Everything from the line containing "Candeeiro de mesa" through the last line of the listing below should be returned exactly, except for pictures.
=== COLLECTED DATA ===
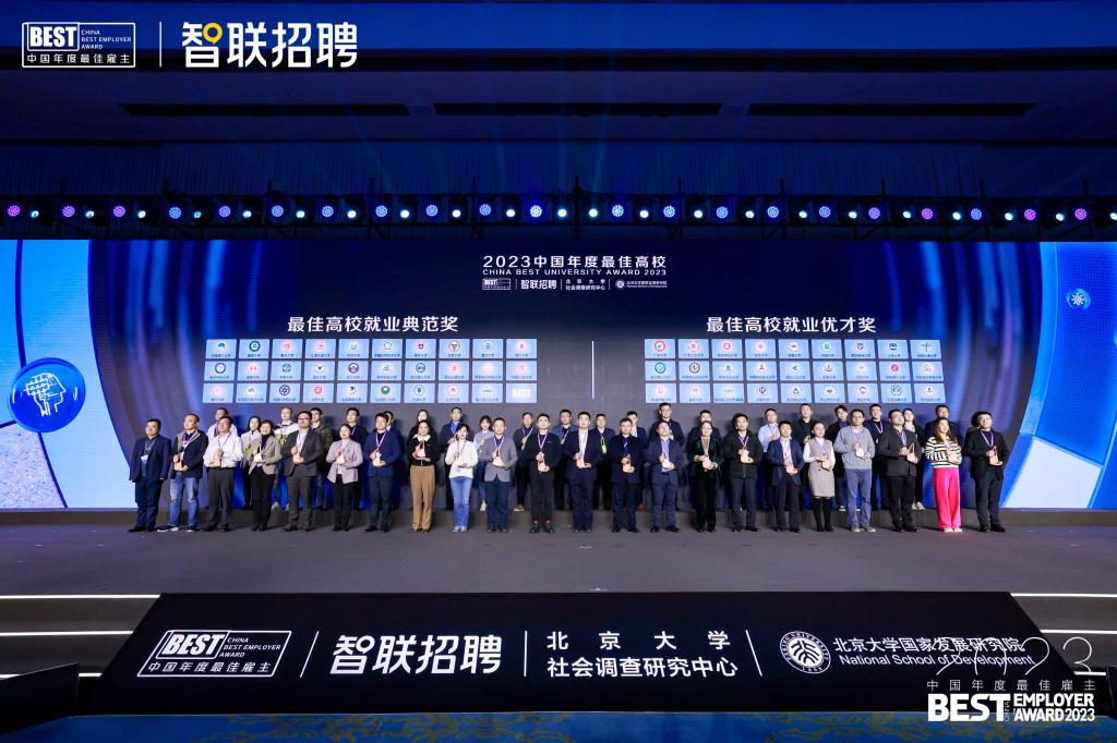 本次评选活动由北京大学社会调查研究中心、北京大学国家发展研究院和智联招聘等多家专业机构参与组织评审,最终从4个维度评选出了2023年度最佳高校就业典范奖、就业优才奖、就业创新奖和就业人气奖。获奖高校在学科设置、人才培养、产学研融合、毕业生招聘等方面的实践成果,获得了业界的一致肯定。
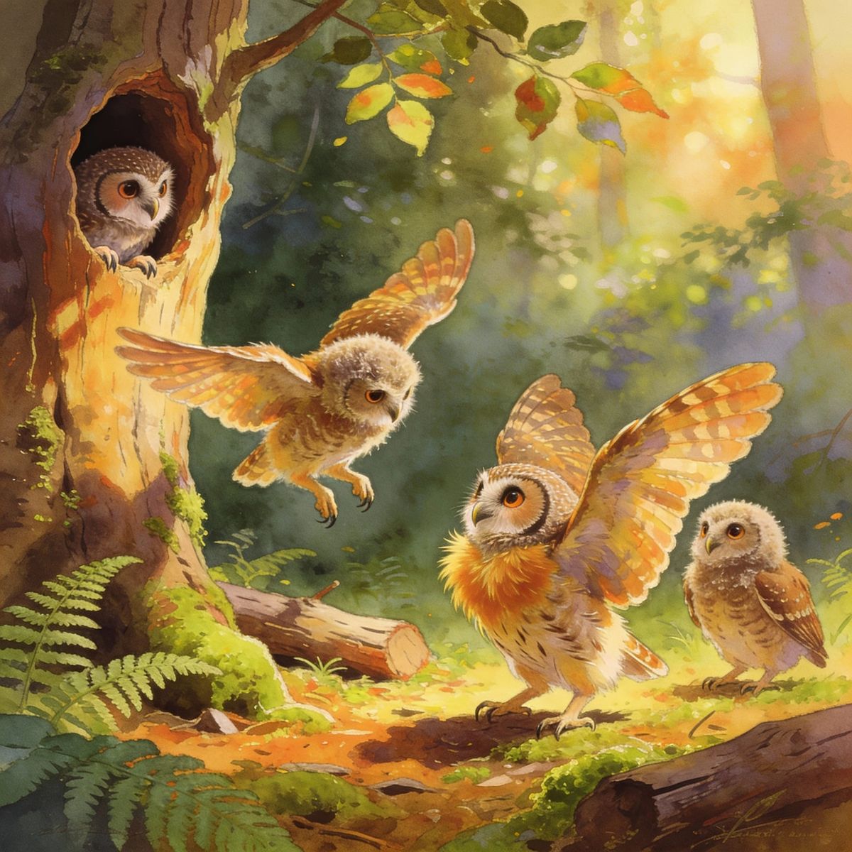 A naturalistic illustration of young screech owls leaving their tree hollow for the first time. Features detailed rendering and soft forest lighting, capturing a moment of wonder.
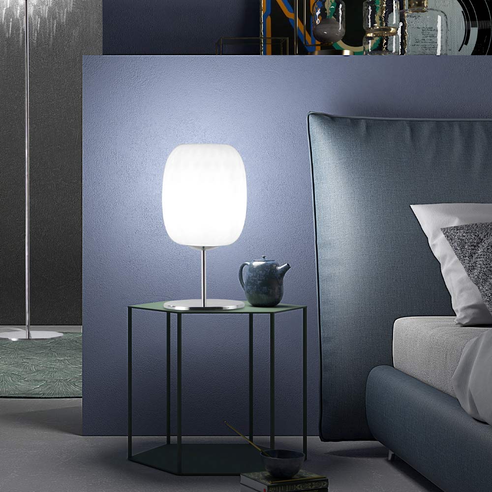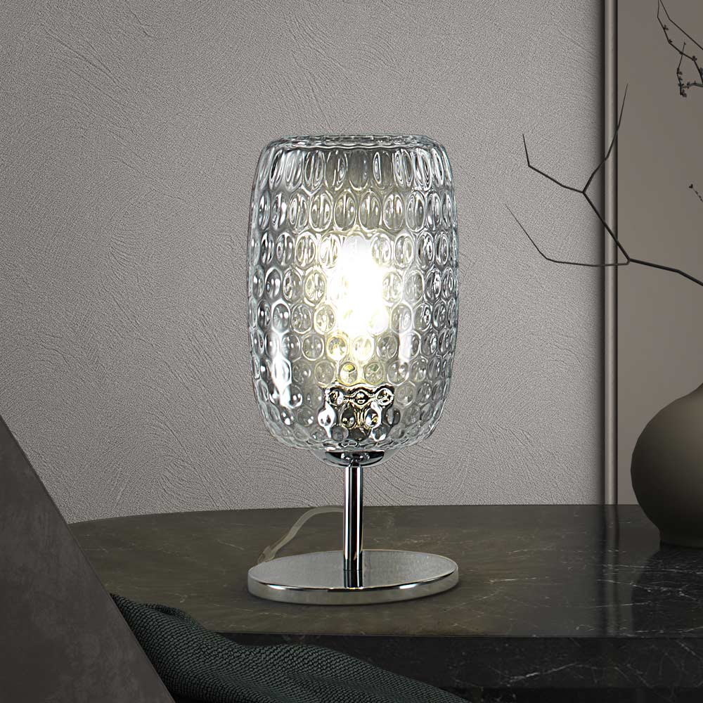 Candeeiro de mesa em vidro Veneza soprado à mão trabalhado na técnica Balloton.
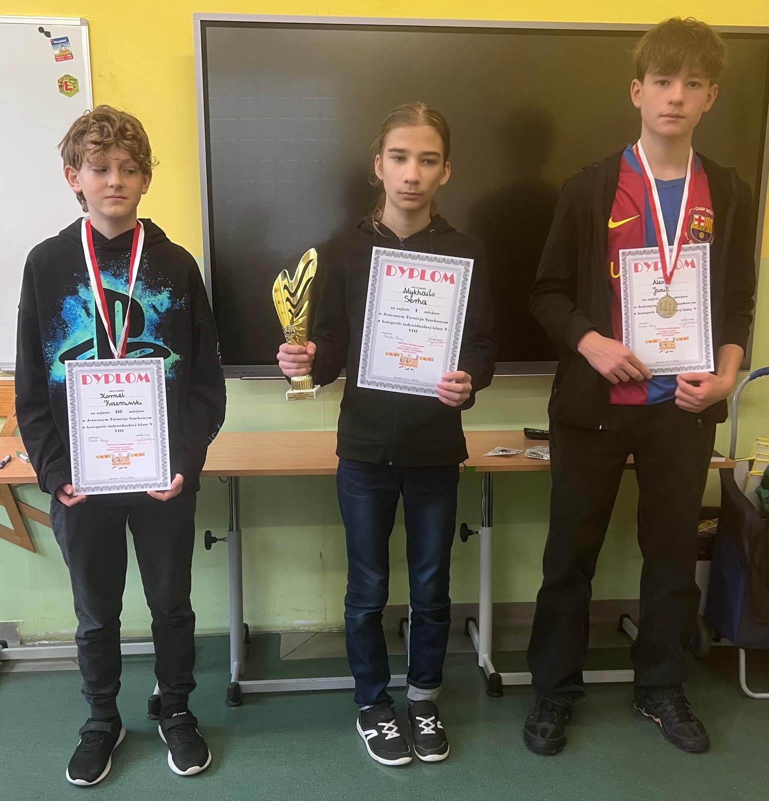 Serdecznie gratulujemy zwycięzcom, którzy grając na co dzień w szachy dla zabawy, rozwijają logiczne, strategiczne myślenie oraz doskonalą taktykę i poprawiają swoje wyniki w kolejnych turniejach. Pierwsze miejsca w kwalifikacji indywidualnej zostały nagrodzone pucharami, a kolejne miejsca medalami. Dzieci otrzymały dyplomy oraz nagrody rzeczowe, które ufundowała Rada Rodziców oraz firma Peri.
===
(YOUR SOLUTION)
 Candeeiro de mesa em vidro Veneza soprado à mão trabalhado na técnica Balloton.
 Serdecznie gratulujemy zwycięzcom, którzy grając na co dzień w szachy dla zabawy, rozwijają logiczne, strategiczne myślenie oraz doskonalą taktykę i poprawiają swoje wyniki w kolejnych turniejach. Pierwsze miejsca w kwalifikacji indywidualnej zostały nagrodzone pucharami, a kolejne miejsca medalami. Dzieci otrzymały dyplomy oraz nagrody rzeczowe, które ufundowała Rada Rodziców oraz firma Peri.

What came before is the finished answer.